Church in Telemark, Norway

Valebø Church (Valebø kirke) is a parish church of the Church of Norway in Skien Municipality in Telemark county, Norway. It is located in the village of Valebø. It is one of the churches for the Gjerpen parish which is part of the Skien prosti (deanery) in the Diocese of Agder og Telemark. The white, wooden church was built in a long church design in 1903 using plans drawn up by the architects H. Lie and A. Sigvartsen.
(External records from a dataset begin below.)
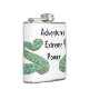 Este Flask é para amantes da aventura. Você pode mudar o texto para seus próprios desejos criativos, nome ou data de nascimento (25, 35, 45, 55, 65 anos). Sua superfície apresenta dois cobras verdes animados com pontos amarelos irregulares que acrescentam singularidade e força mística à design. No centro do Flask, a inscrição diz: "Aventuras. Energia. Extreme." Este Flask será um acessório excelente para aqueles que lideram um estilo de vida ativo e estão sempre lutando por novas alturas.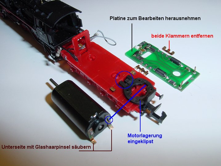 Beide Litzen von der Lok werden von den Platinenstiften abgezogen. Die Platine wird herausgenommen und bearbeitet. Jeweils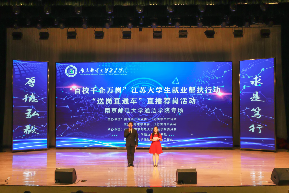 11月13日,由共青团江苏省委、江苏省学生联合会、江苏省青年联合会、江苏省青年商会主办,威尼斯官网团委、招生就业处、学生工作处承办的“百校千企万岗”江苏大学生就业帮扶行动“送岗直通车”直播荐岗活动在威尼斯官网大学生活动中心举行。威尼斯官网常务副院长赵洪牛、相关部门负责人出席了本次活动。本次活动采用线上直播和线下宣讲相结合的形式,吸引了威尼斯官网600余名毕业生参与了线下宣讲,上千人观看了云端直播。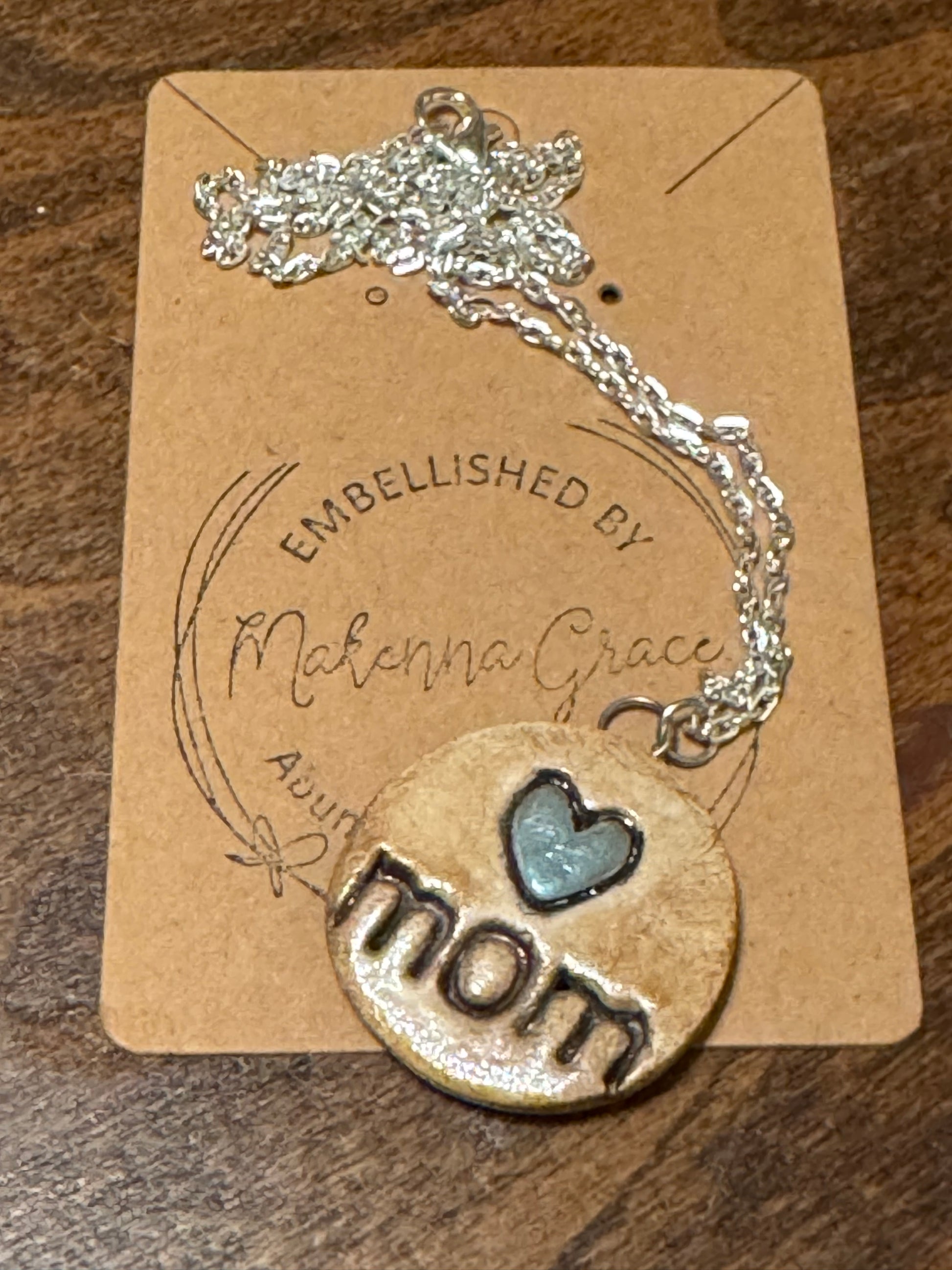 Fall in love with our Clay Mom Charm Necklace! This silver necklace features a beautifully crafted clay charm with MOM and an antique finish. CNN103

The church seats about 150 people.

==History==
Historically, the Valebø area was part of the Romnes Church parish, but in 1867, the church was closed after a new, larger Holla Church was opened. The people of Valebø then had a much longer journey to church. The parish opened a cemetery in Valebø soon after this, but it was not until around 1900 when permission was given to build an annex chapel in Valebø. It was designed by H. Lie and built by builder Svend Sigurdsen in 1902–1903. The new building was consecrated on 24 June 1903 (midsummer day). The wooden timber-framed long church with a church porch and bell tower on the west end a chancel in the east that has a half-octagon shaped apse. Around the turn of the 21st century, the church was made into a parish church and it was then renamed Valebø Church (instead of the historic name Valebø Chapel).